INSTRUCTIONS TO FOLLOW — From the line containing "Proces tworzenia Kanapki" to the line containing "- 20-DMA at" in the entries below, reproduce every line exactly, ends included. Nothing else belongs in the copy, and no pictures.

THE RECORDS —
---

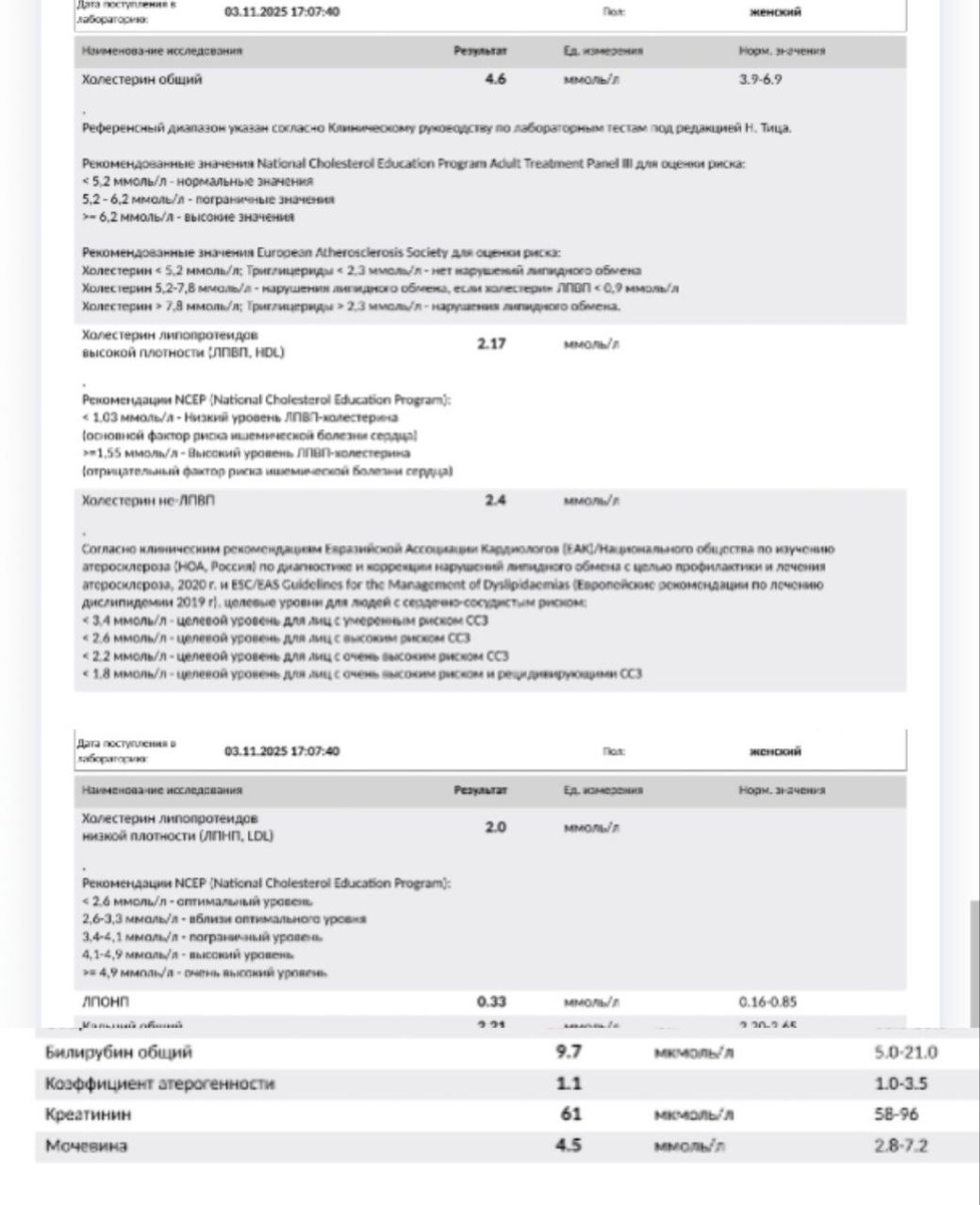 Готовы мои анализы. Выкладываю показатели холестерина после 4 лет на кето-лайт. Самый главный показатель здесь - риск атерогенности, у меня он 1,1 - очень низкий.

---

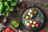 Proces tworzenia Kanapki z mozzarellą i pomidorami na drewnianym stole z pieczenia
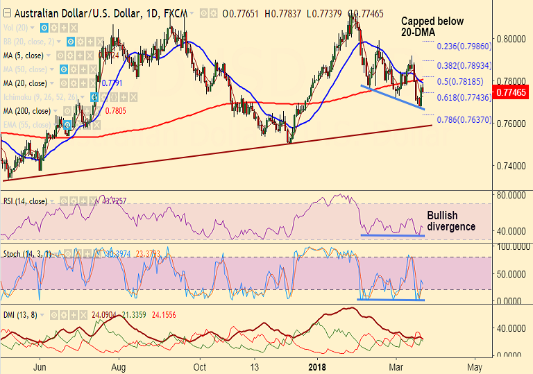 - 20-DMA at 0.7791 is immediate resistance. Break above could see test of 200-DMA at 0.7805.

---

EXERCISE SOLUTION —
 Proces tworzenia Kanapki z mozzarellą i pomidorami na drewnianym stole z pieczenia
 - 20-DMA at 0.7791 is immediate resistance. Break above could see test of 200-DMA at 0.7805.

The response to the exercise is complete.